Best way to move an unexpected column in a Pandas DF to a new DF?

January 10, 2022

Wondering what the best way to tackle this issue is. If I have a DF with the following columns

df1()
type_of_fruit   name_of_fruit    price
.....           .....            .....

and a list called

expected_cols = ['name_of_fruit','price']

whats the best way to automate the check of df1 against the expected_cols list? I was trying something like

df_cols=df1.columns.values.tolist()
if df_cols != expected_cols:

And then try to drop to another df any columns not in expected_cols, but this doesn’t seem like a great idea to me. Is there a way to save the "dropped" columns?

df2 = df1.drop(columns=expected_cols)

But then this seems problematic depending on column ordering, and also in cases where the columns could have either more values than expected, or less values than expected.

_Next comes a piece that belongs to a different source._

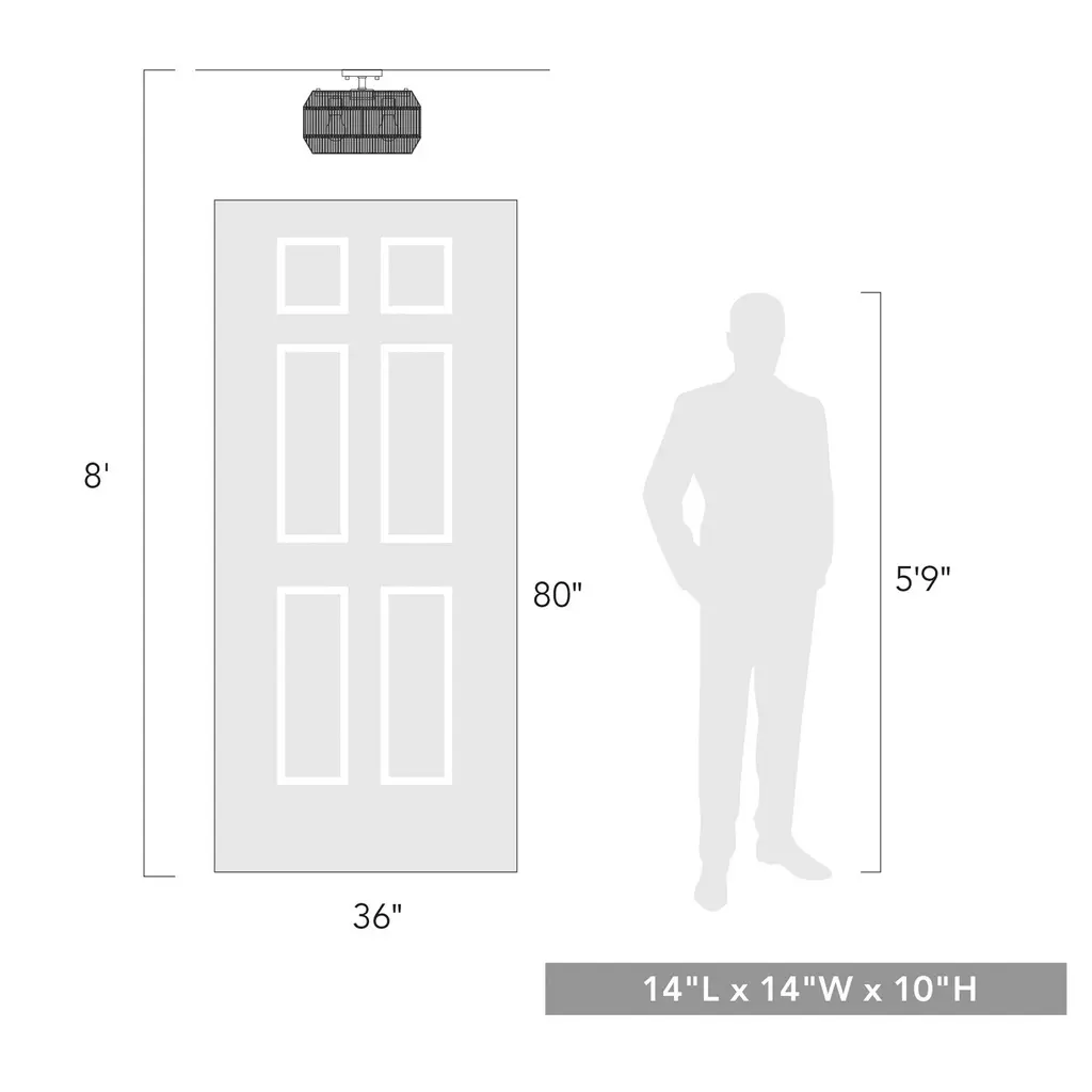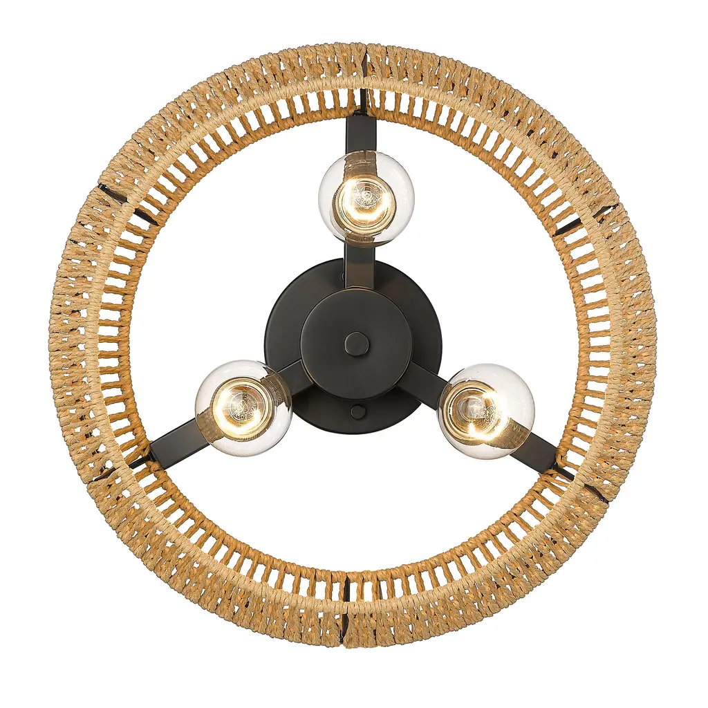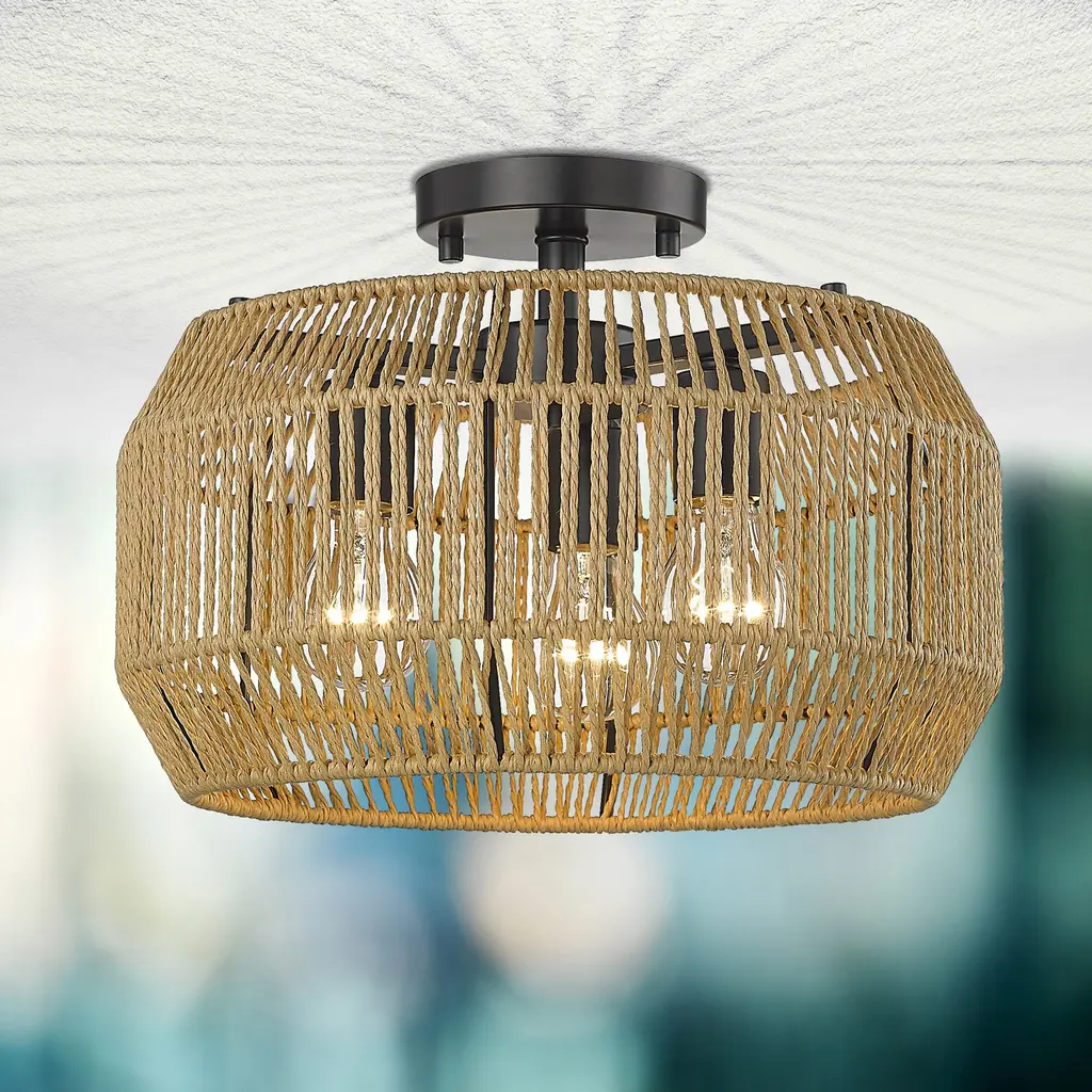 Marlee 14" Wide 3-Light Semi-Flush - Matte Black With Natural Raphia Rope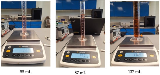 The analysis of the measurement errors shows that the deviations between the actual measurements and the target values are generally minor, indicating a high level of accuracy in the system’s performance. In the case of the weight scale, the errors range between 0.06 and 8.8 g, showing that the mass measurements are very close to the setpoints. Similarly, the errors observed when comparing the setpoints with the graduated cylinder data range from 0 to 7 mL, reflecting remarkable consistency in the volumetric measurements.

In cases where there are less values than expected (ie the df1 only contains the column name_of_fruit) I’m planning on using

df1.reindex(columns=expected_cols)

But a bit iffy on how to do this programatically, and then how to handle the issue where there are more columns than expected.

>Solution :

You can use set difference using -:

Assuming df1 having cols:

In [542]: df1_cols = df1.columns # ['type_of_fruit', 'name_of_fruit', 'price']
In [539]: expected_cols = ['name_of_fruit','price']

In [541]: unwanted_cols = list(set(d1_cols) - set(expected_cols))

In [542]: df2 = df1[unwanted_cols]
In [543]: df1.drop(unwanted_cols, 1, inplace=True)